▸ **Collection entries**:
□ □ □ □ □ □ □
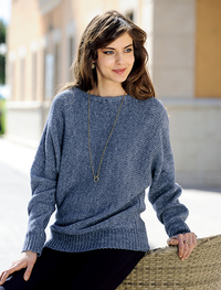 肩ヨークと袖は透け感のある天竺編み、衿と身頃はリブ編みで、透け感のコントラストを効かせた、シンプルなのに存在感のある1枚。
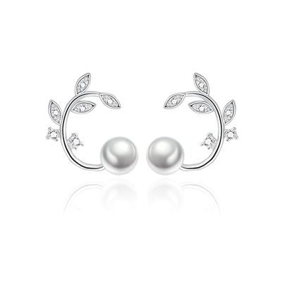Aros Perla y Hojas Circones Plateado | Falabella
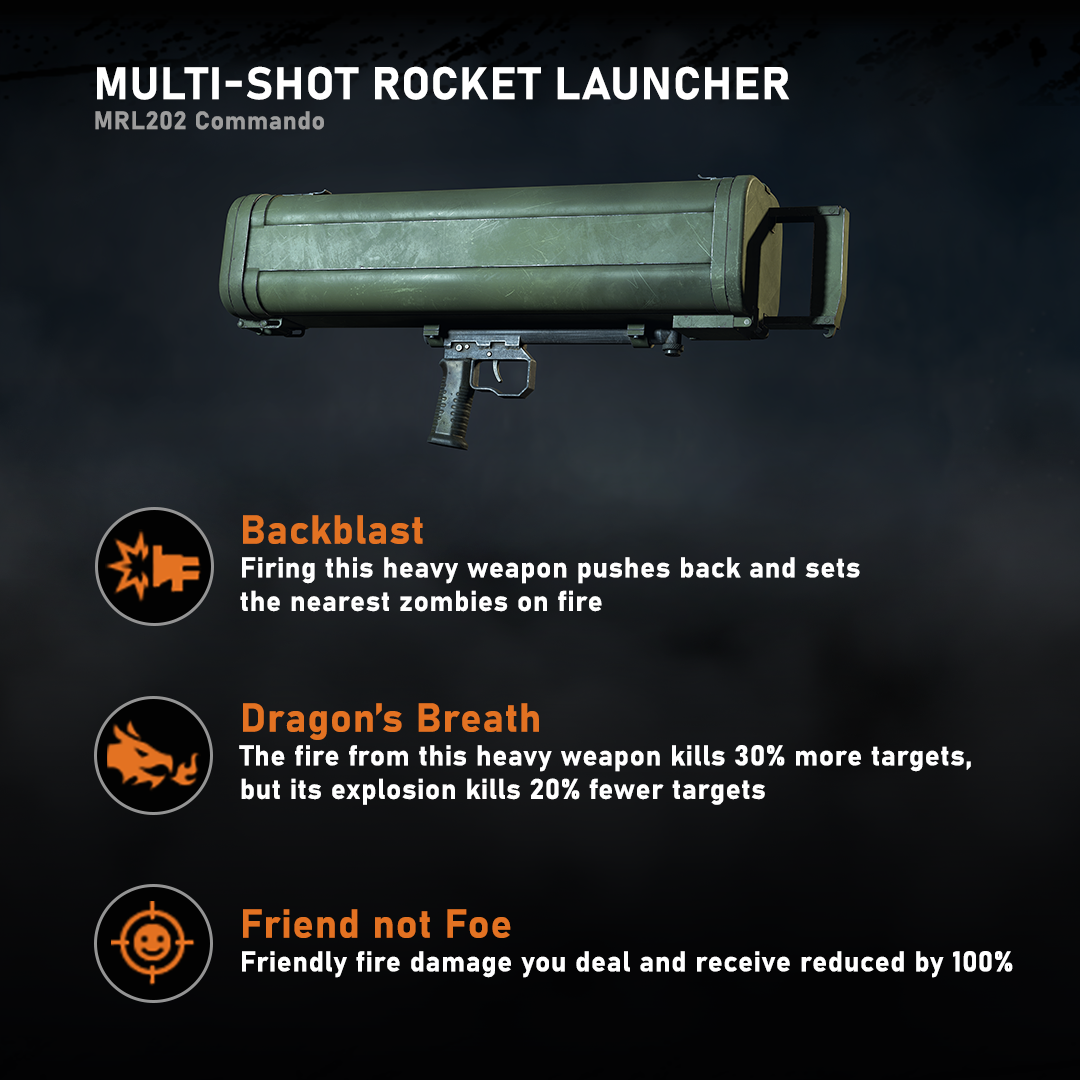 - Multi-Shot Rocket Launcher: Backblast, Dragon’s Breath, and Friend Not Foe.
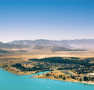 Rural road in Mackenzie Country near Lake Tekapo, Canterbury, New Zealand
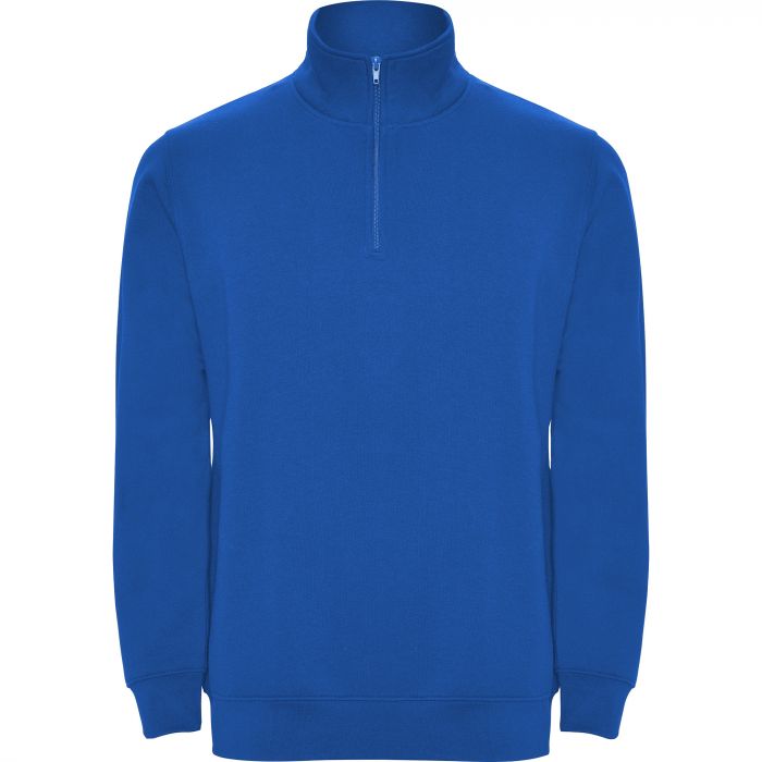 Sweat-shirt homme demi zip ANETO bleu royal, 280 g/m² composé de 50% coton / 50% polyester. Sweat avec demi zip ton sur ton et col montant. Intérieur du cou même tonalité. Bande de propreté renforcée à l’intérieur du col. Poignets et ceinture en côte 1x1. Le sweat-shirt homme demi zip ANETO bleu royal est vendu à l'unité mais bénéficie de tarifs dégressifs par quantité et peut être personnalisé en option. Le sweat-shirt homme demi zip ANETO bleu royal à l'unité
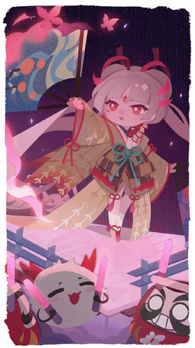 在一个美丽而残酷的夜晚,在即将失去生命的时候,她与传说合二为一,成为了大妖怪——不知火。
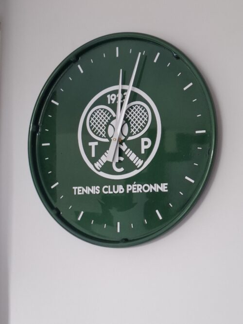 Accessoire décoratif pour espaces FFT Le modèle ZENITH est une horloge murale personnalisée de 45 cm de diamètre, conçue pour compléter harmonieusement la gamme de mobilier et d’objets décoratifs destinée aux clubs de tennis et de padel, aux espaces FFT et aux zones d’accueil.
□ □ □ □ □ □ □
▸ **Your assignment**: Without the pictures, set down the lines above from the line with "- Multi-Shot Rocket" up to and including the line with "Rural road in" exactly as they stand.

▸ **Response below**:
 - Multi-Shot Rocket Launcher: Backblast, Dragon’s Breath, and Friend Not Foe.
 Rural road in Mackenzie Country near Lake Tekapo, Canterbury, New Zealand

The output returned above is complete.